Fracture Toughness of Nacre

Nacre exhibits phenomenal fracture strength and toughness properties despite the brittle nature of its constituents. For example, its work of fracture is three orders of magnitude greater than that of a single crystal of its constituent mineral. This is surprising because it is a ceramic composite made up of about 95\% brittle inorganic phase (aragonite mineral) and only a few percent of the soft organic material, and polymer-matrix composites with such high levels of ceramic fillers do not possess these exceptional combinations of stiffness, fracture strength and toughness. This study investigates the fracture properties of nacre using a simple discrete lattice model based on continuous damage random thresholds fuse network.
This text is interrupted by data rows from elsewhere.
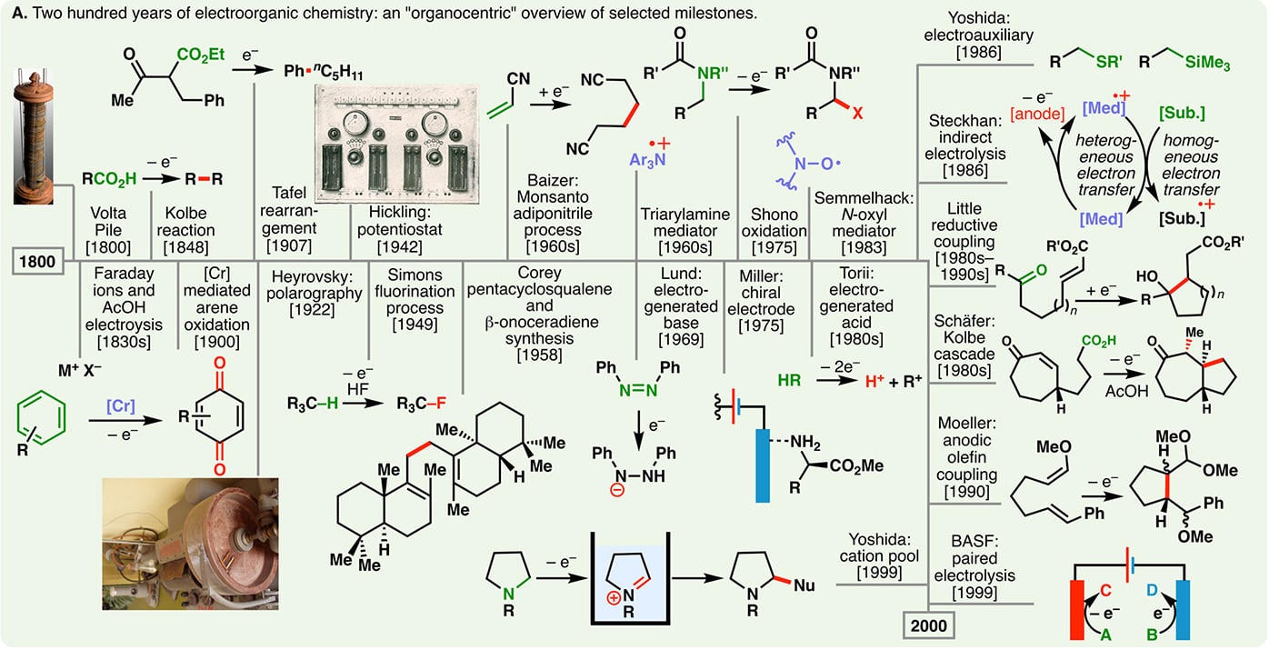 最後に、有機電気化学の過去・現在・未来に触れてこのコラムを結びたいと思います。1800年のボルタ電堆の発明によって幕を開けた有機電気化学は、200年の月日をかけて有機合成化学に多くの発展をもたらしてきました。そして現在、持続可能な社会の発展を支える化学「グリーン・サスティナブルケミストリー」の観点から、環境にやさしいモノづくりを可能とする有機電気化学(有機電解合成)の分野はルネサンスを迎えています。この潮流を単なるブームで終わらせることがないよう、微力ながら有機電気化学と真正面に向き合って研究を進めていきたいと考えています。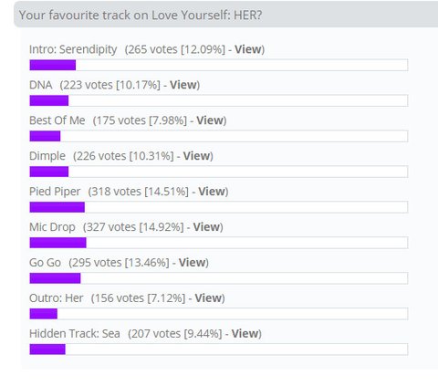 해외 사이트 지난 앨범 최애곡 투표. 전곡이 비슷하게 사랑받음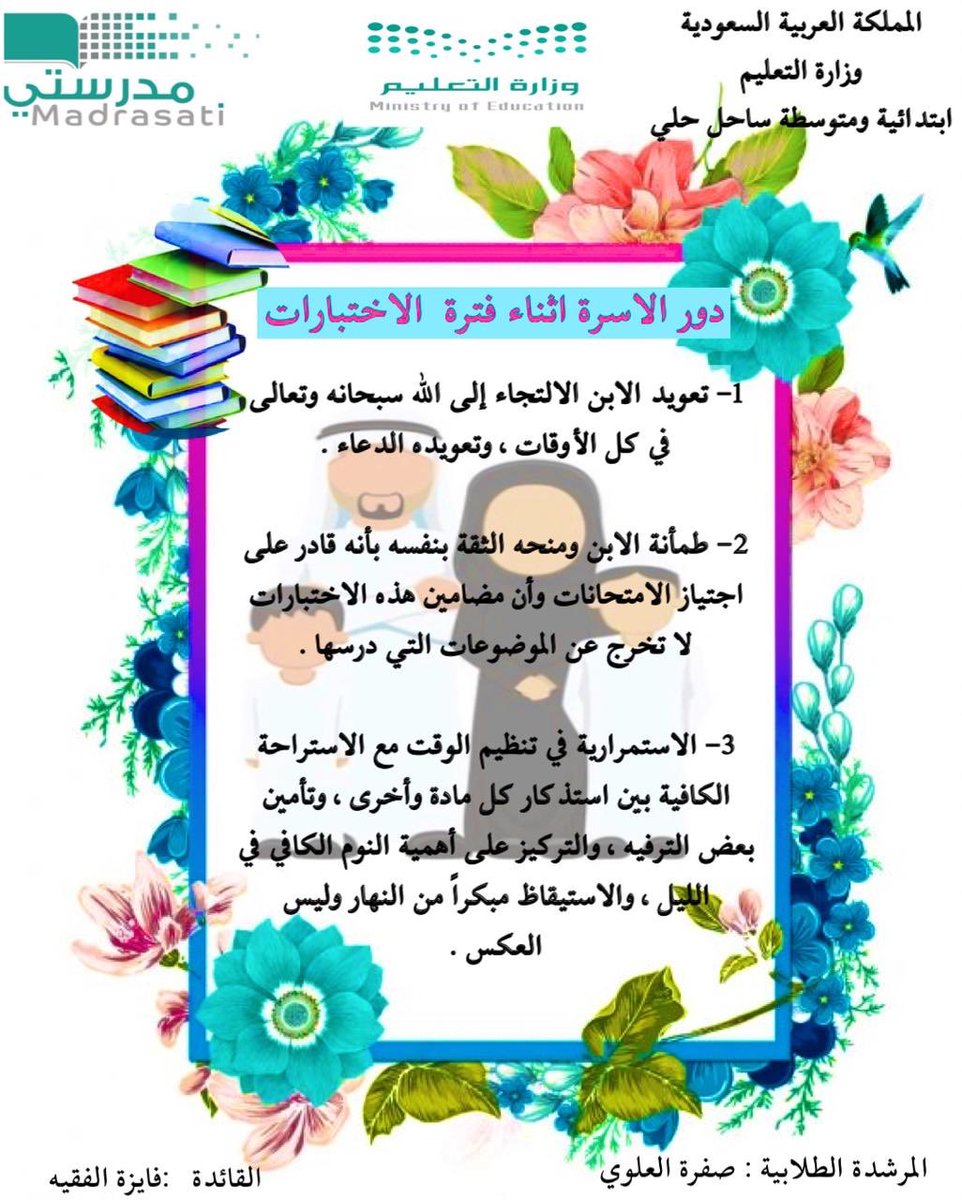 مدرسة ساحل حلي روضة والابتدائية والمتوسطة On Twitter دور الأسرة اثناء فترة الاختبارات وزارة التعليم منصة مدرستي تعليم القنفذة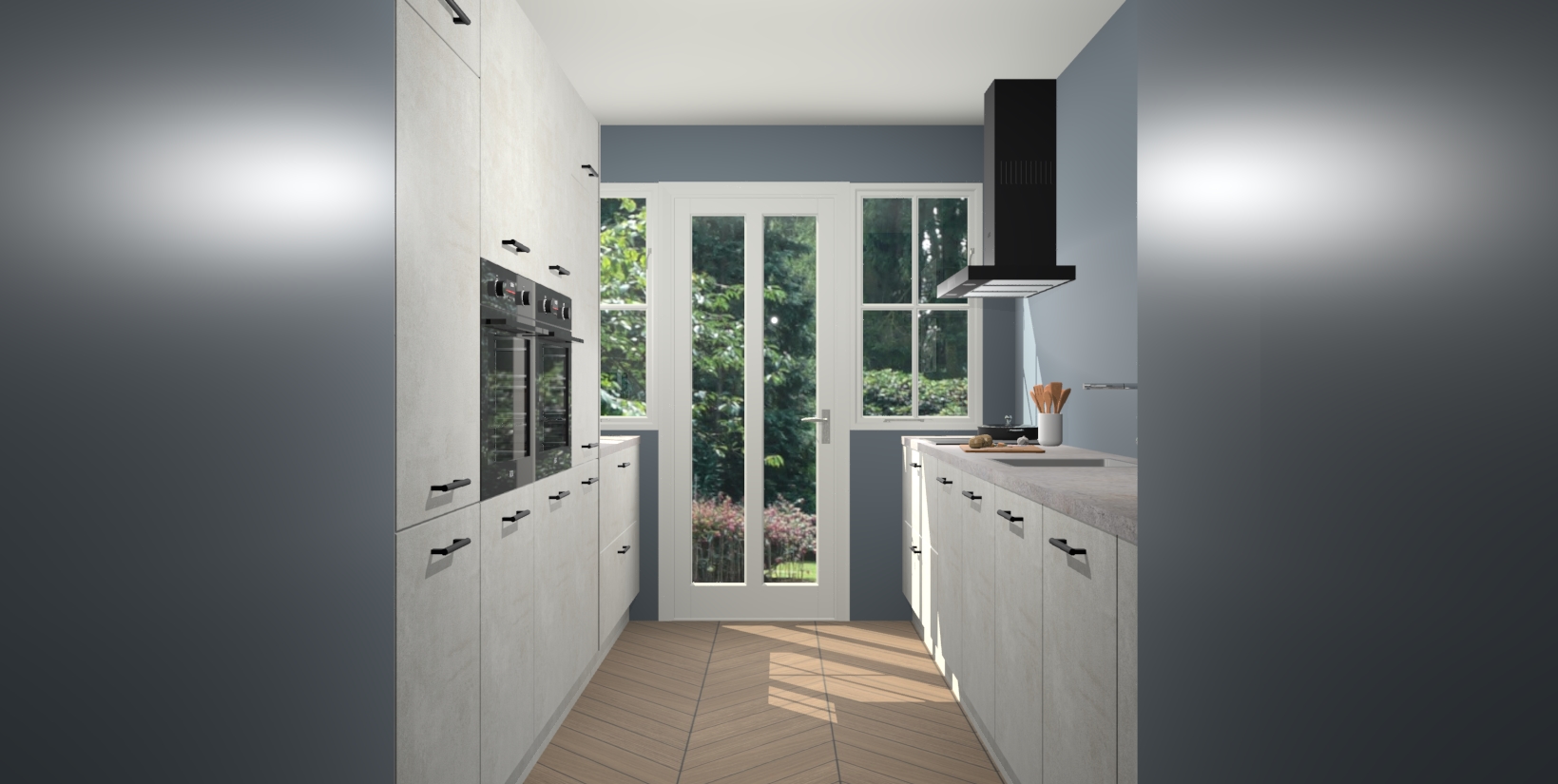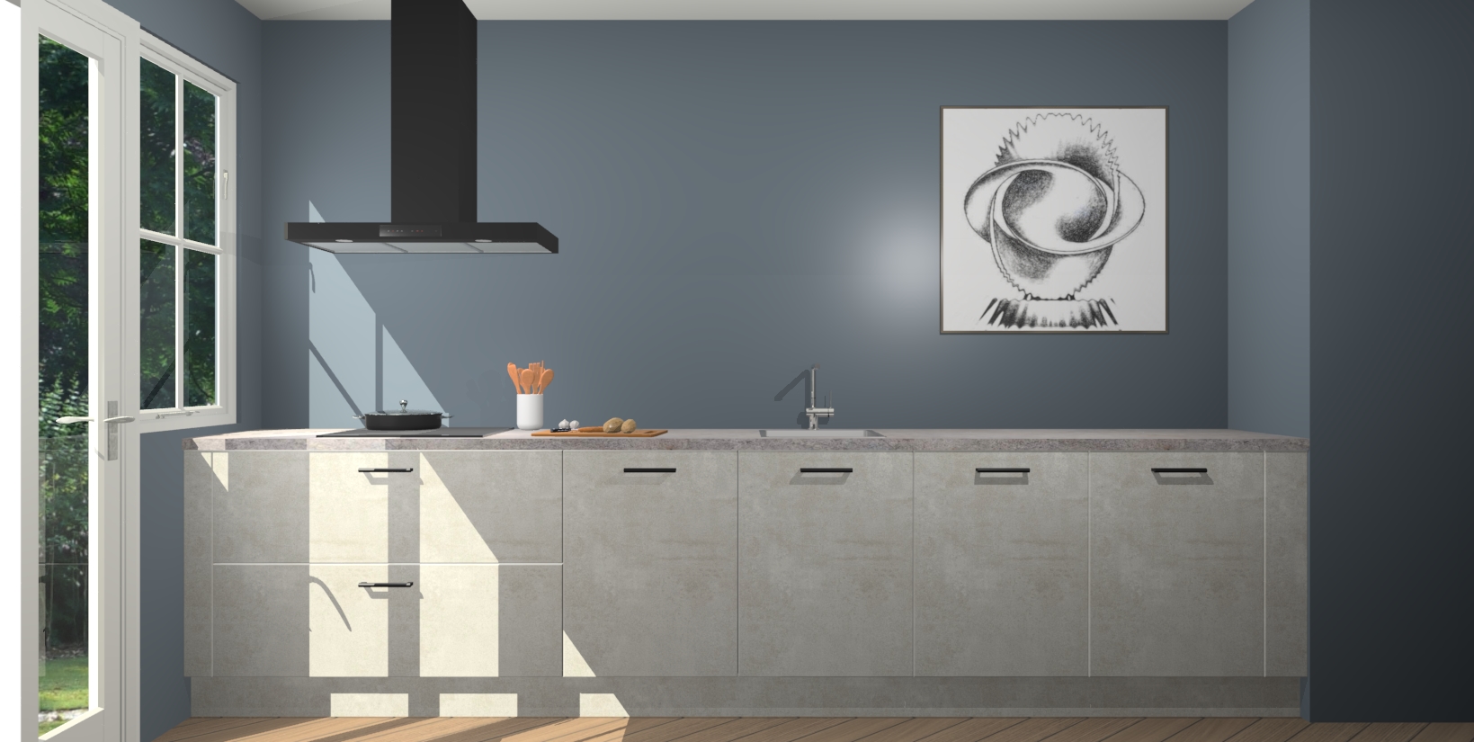 Een stijlvolle en praktische keuken als deze mag gezien worden. Dankzij de prachtige beton opal matte afwerking wordt de keuken gemakkelijk het middelpunt van uw huis - hij ziet er geweldig uit onder allerlei lichtomstandigheden, van dag tot nacht!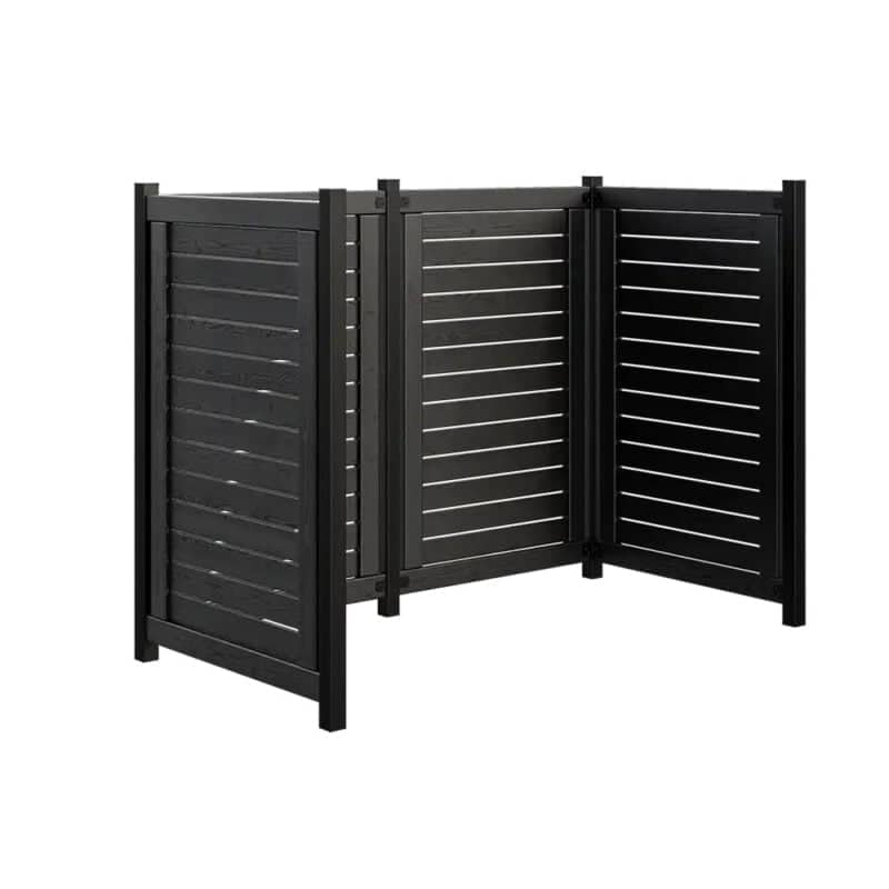 Renovationsskjulet består af hegnsfag i sortmalet træ, som diskret og fint passer til de fleste huse og stilarter.

The discrete lattice topology of the proposed model is based on nacre's unique brick and mortar microarchitecture, and the mechanical behavior of each of the bonds in the discrete lattice model is governed by the characteristic modular damage evolution of the organic matrix that includes the mineral bridges between the aragonite platelets. The numerical results obtained using this simple discrete lattice model are in excellent agreement with the previously obtained experimental results, such as nacre's stiffness, tensile strength, and work of fracture. The analysis indicates that nacre's superior toughness is a direct consequence of ductility (maximum shear strain) of the organic matrix in terms of repeated unfolding of protein molecules, and its high fracture strength is a result of its perfectly ordered brick and mortar architecture with significant overlap of the platelets, and shear strength of the organic matrix.